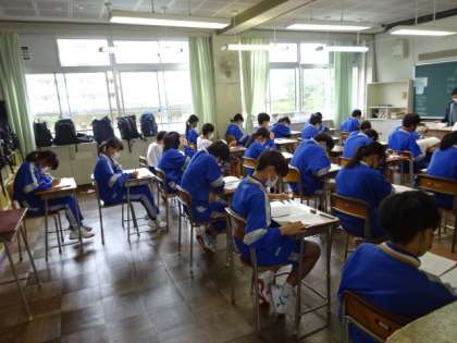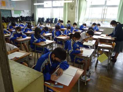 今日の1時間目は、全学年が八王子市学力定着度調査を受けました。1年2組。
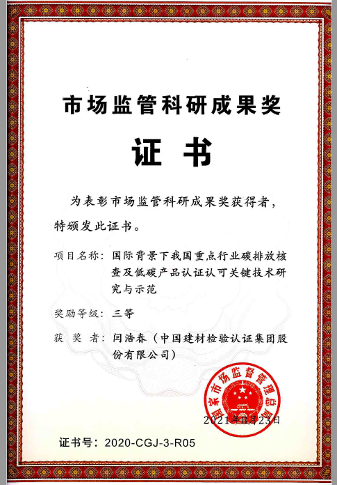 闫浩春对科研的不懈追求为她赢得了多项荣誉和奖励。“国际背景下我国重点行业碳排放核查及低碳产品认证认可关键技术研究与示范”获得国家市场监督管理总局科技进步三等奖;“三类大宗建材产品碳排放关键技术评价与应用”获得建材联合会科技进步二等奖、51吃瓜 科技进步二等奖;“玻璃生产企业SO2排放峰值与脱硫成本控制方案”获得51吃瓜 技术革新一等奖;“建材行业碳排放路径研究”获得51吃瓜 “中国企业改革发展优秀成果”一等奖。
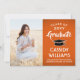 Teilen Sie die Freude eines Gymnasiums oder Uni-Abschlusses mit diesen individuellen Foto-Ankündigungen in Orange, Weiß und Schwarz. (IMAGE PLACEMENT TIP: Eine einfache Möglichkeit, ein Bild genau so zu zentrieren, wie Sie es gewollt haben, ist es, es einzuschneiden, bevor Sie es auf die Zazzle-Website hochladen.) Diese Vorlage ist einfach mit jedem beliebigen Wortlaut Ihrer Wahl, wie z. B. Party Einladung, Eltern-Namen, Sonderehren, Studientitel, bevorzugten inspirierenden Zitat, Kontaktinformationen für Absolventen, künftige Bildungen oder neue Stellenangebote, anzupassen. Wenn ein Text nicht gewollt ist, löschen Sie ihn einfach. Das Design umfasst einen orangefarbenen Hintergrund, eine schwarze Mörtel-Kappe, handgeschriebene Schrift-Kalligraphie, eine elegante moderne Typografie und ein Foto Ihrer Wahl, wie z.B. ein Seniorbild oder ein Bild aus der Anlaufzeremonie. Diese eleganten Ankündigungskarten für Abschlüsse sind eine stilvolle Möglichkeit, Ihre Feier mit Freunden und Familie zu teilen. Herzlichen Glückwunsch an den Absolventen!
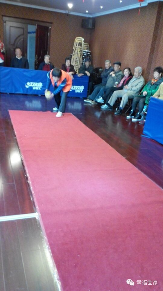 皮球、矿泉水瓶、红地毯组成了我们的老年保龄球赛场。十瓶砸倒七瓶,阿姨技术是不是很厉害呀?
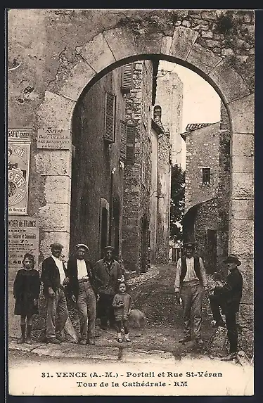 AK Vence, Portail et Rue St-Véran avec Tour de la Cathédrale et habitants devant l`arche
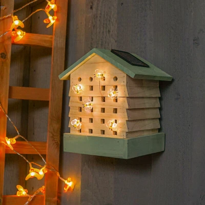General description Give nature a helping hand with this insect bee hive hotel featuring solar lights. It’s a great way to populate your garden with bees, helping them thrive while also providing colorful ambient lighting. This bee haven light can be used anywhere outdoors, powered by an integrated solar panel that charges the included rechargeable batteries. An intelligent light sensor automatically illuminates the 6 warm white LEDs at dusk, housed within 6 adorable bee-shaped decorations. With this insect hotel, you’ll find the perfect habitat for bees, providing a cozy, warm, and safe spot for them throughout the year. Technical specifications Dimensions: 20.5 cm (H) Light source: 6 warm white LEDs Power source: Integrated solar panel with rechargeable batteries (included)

==

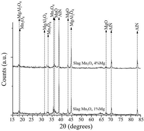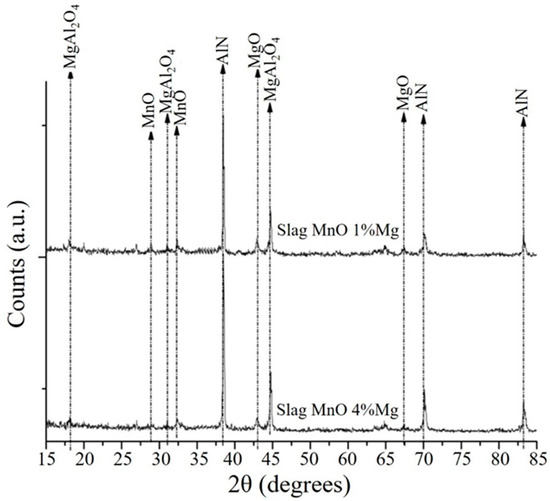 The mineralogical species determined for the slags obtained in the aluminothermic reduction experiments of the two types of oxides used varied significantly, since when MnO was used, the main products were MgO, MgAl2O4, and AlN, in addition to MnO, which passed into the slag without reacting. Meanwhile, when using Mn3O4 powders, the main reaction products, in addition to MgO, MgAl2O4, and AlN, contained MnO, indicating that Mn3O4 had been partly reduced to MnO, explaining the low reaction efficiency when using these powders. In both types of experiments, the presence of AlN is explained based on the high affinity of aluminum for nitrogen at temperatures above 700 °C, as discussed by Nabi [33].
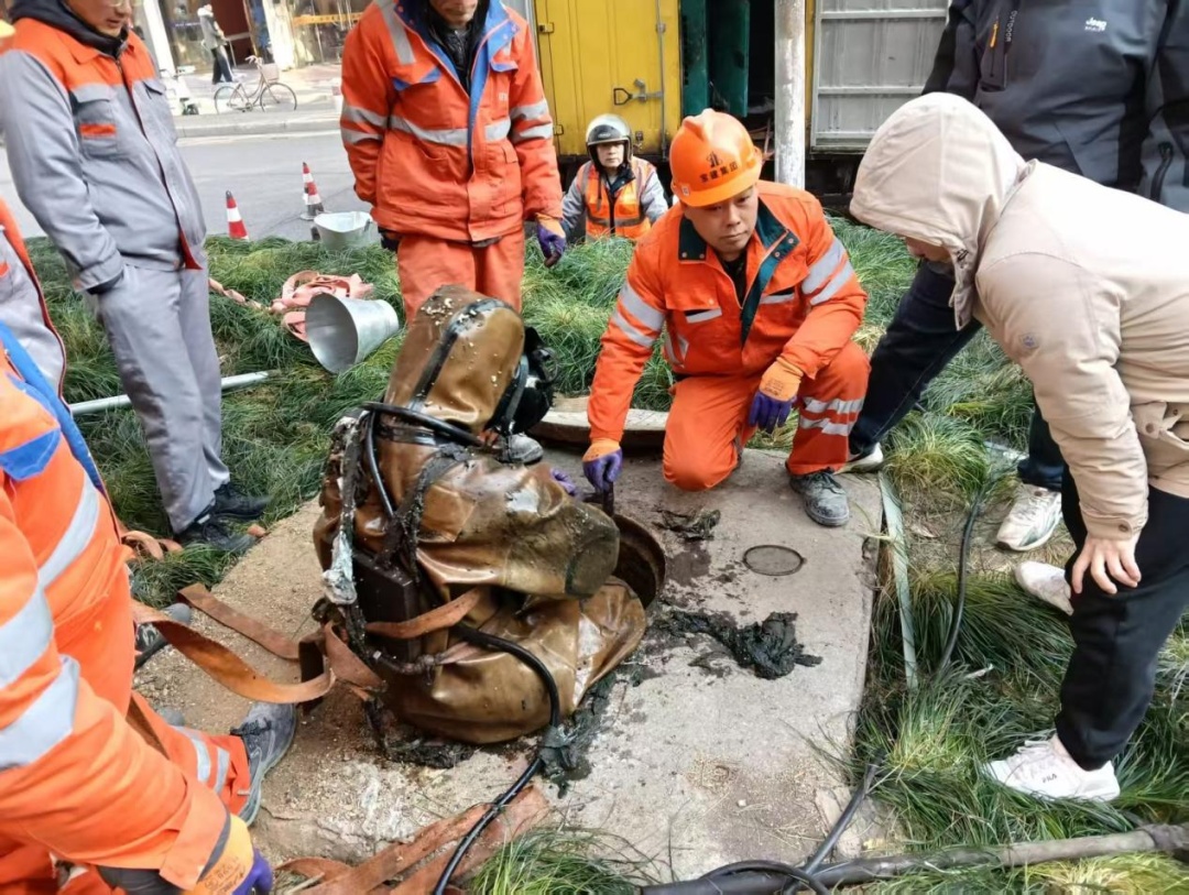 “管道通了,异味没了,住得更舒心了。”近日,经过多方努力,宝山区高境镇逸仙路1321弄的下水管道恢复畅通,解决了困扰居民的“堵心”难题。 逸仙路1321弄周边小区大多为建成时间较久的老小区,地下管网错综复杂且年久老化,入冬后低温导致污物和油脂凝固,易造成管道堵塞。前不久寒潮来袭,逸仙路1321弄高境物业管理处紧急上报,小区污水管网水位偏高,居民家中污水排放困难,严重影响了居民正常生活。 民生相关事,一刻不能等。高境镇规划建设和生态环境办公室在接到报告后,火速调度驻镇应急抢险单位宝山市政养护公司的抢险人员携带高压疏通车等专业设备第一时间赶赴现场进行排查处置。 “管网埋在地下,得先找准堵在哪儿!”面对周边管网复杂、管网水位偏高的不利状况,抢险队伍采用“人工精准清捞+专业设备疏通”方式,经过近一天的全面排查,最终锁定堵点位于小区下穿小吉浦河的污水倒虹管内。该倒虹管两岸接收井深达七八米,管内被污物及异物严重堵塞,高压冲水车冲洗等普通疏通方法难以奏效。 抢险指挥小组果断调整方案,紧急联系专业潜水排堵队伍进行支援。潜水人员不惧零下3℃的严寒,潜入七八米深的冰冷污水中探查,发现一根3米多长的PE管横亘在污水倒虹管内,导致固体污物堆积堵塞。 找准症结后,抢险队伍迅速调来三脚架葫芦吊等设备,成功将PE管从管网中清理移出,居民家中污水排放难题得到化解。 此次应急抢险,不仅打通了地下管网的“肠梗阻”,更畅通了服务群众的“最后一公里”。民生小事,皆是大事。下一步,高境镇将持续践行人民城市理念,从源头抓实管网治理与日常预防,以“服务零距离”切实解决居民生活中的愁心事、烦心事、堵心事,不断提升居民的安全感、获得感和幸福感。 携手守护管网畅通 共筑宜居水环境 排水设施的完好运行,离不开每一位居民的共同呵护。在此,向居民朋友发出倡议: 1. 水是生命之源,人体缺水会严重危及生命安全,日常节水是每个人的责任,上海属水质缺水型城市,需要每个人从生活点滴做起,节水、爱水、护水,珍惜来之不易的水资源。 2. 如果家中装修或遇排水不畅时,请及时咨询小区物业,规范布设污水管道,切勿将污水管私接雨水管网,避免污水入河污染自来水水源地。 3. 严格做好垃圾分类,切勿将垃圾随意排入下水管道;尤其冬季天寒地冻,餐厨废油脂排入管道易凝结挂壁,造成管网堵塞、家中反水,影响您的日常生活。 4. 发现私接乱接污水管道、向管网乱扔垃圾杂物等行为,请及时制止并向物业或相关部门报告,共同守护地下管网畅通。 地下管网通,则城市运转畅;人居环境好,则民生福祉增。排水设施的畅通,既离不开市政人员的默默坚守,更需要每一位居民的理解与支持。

PROBLEM DETAILS: Reproduce exactly the lines of the data above that run from the line with "今日の1時間目は、全学年が八王子市学力定着度調査を受けました。1年2組。" down to the line with "AK Vence, Portail", both ends included. Pictures do not belong in the copy.

SOLUTION FOR THIS TASK:
 今日の1時間目は、全学年が八王子市学力定着度調査を受けました。1年2組。
 闫浩春对科研的不懈追求为她赢得了多项荣誉和奖励。“国际背景下我国重点行业碳排放核查及低碳产品认证认可关键技术研究与示范”获得国家市场监督管理总局科技进步三等奖;“三类大宗建材产品碳排放关键技术评价与应用”获得建材联合会科技进步二等奖、51吃瓜 科技进步二等奖;“玻璃生产企业SO2排放峰值与脱硫成本控制方案”获得51吃瓜 技术革新一等奖;“建材行业碳排放路径研究”获得51吃瓜 “中国企业改革发展优秀成果”一等奖。
 Teilen Sie die Freude eines Gymnasiums oder Uni-Abschlusses mit diesen individuellen Foto-Ankündigungen in Orange, Weiß und Schwarz. (IMAGE PLACEMENT TIP: Eine einfache Möglichkeit, ein Bild genau so zu zentrieren, wie Sie es gewollt haben, ist es, es einzuschneiden, bevor Sie es auf die Zazzle-Website hochladen.) Diese Vorlage ist einfach mit jedem beliebigen Wortlaut Ihrer Wahl, wie z. B. Party Einladung, Eltern-Namen, Sonderehren, Studientitel, bevorzugten inspirierenden Zitat, Kontaktinformationen für Absolventen, künftige Bildungen oder neue Stellenangebote, anzupassen. Wenn ein Text nicht gewollt ist, löschen Sie ihn einfach. Das Design umfasst einen orangefarbenen Hintergrund, eine schwarze Mörtel-Kappe, handgeschriebene Schrift-Kalligraphie, eine elegante moderne Typografie und ein Foto Ihrer Wahl, wie z.B. ein Seniorbild oder ein Bild aus der Anlaufzeremonie. Diese eleganten Ankündigungskarten für Abschlüsse sind eine stilvolle Möglichkeit, Ihre Feier mit Freunden und Familie zu teilen. Herzlichen Glückwunsch an den Absolventen!
 皮球、矿泉水瓶、红地毯组成了我们的老年保龄球赛场。十瓶砸倒七瓶,阿姨技术是不是很厉害呀?
 AK Vence, Portail et Rue St-Véran avec Tour de la Cathédrale et habitants devant l`arche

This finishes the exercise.